- [What is required] Below is a listing. Return the lines from the one that contains "大衣内搭90白鸭绒圆领轻薄短款外套2025秋冬新款保暖内胆羽绒服女" to the one that contains "菊上家纺 2021新款小清新花边床笠款浅小米", both ends included, verbatim and with no pictures.

- [Exercise data]
================

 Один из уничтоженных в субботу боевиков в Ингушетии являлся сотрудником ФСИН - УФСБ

================

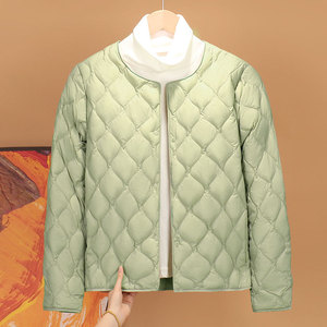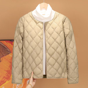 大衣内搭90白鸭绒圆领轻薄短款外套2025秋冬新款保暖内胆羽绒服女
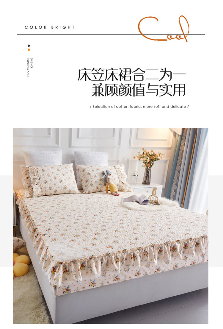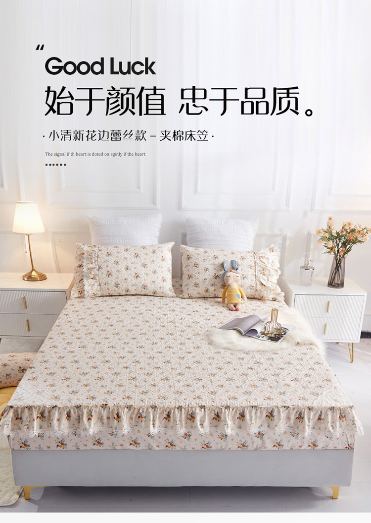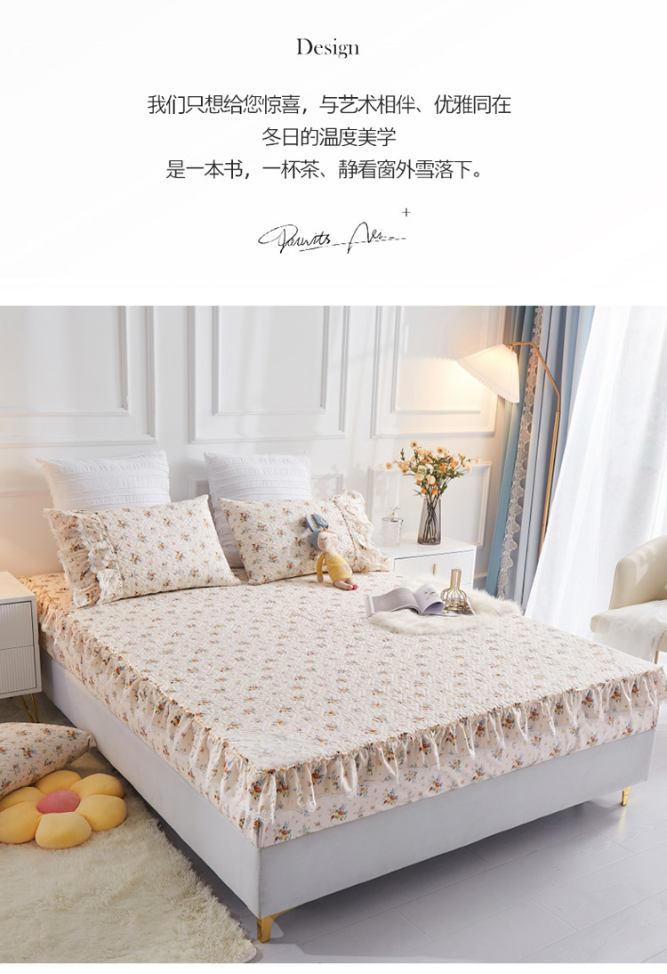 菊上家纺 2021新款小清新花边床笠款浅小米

================

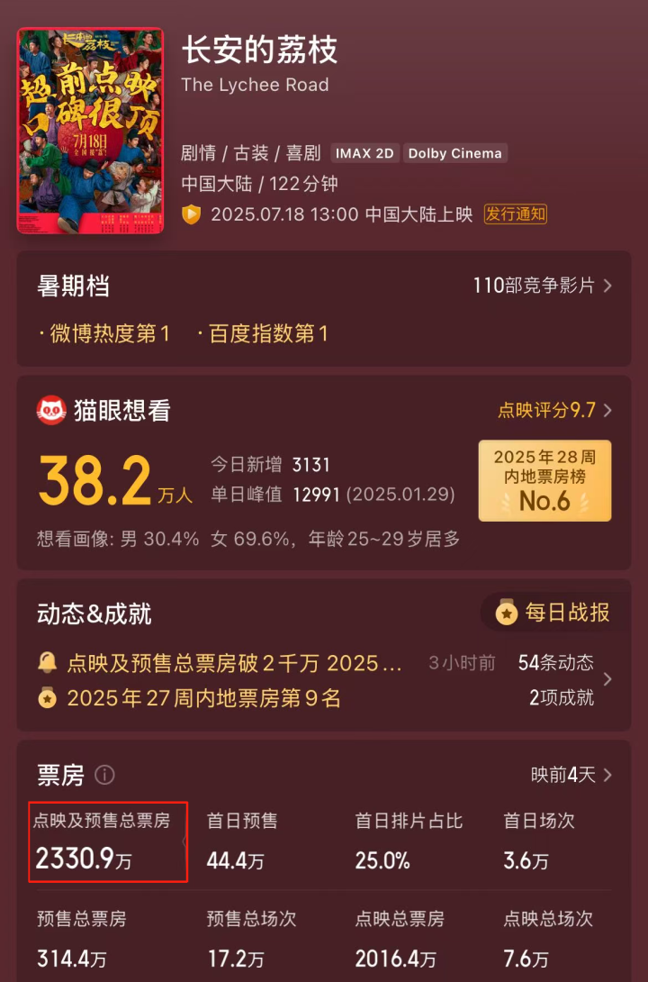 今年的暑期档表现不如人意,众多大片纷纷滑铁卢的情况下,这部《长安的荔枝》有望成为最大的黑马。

================

- [Reply]
 大衣内搭90白鸭绒圆领轻薄短款外套2025秋冬新款保暖内胆羽绒服女
 菊上家纺 2021新款小清新花边床笠款浅小米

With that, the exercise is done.